What this task involves: Set down, please, exactly the lines below that run from the line with "그럼 LG DIOS 봉담냉장고렌탈이 가능한 제품은 어떻게 구성되어있는지" to the line with "Details: Herren Adanex", both lines included.

Records provided:
=== Section Start ===

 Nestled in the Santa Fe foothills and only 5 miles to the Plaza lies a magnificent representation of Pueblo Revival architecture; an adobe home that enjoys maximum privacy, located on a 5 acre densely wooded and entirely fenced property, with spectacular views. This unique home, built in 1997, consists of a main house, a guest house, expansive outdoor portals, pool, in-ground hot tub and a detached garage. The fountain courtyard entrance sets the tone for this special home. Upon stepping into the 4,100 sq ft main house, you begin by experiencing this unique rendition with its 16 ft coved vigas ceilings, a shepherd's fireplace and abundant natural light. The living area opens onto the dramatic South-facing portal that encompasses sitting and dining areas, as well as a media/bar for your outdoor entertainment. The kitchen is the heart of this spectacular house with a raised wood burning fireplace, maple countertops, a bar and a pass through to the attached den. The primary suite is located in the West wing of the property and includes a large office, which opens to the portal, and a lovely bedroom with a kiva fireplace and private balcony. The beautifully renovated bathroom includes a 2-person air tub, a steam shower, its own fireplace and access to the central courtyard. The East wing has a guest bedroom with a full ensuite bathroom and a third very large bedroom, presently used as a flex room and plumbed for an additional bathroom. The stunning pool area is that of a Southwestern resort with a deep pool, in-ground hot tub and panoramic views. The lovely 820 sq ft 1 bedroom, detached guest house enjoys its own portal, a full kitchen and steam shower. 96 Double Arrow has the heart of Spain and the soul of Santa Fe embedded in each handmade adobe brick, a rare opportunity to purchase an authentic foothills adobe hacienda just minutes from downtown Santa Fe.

=== Section End ===
=== Section Start ===

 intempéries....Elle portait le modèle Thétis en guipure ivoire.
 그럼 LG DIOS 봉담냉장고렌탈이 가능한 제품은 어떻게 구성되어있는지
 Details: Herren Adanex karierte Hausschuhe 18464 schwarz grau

=== Section End ===

Finished exercise:
 그럼 LG DIOS 봉담냉장고렌탈이 가능한 제품은 어떻게 구성되어있는지
 Details: Herren Adanex karierte Hausschuhe 18464 schwarz grau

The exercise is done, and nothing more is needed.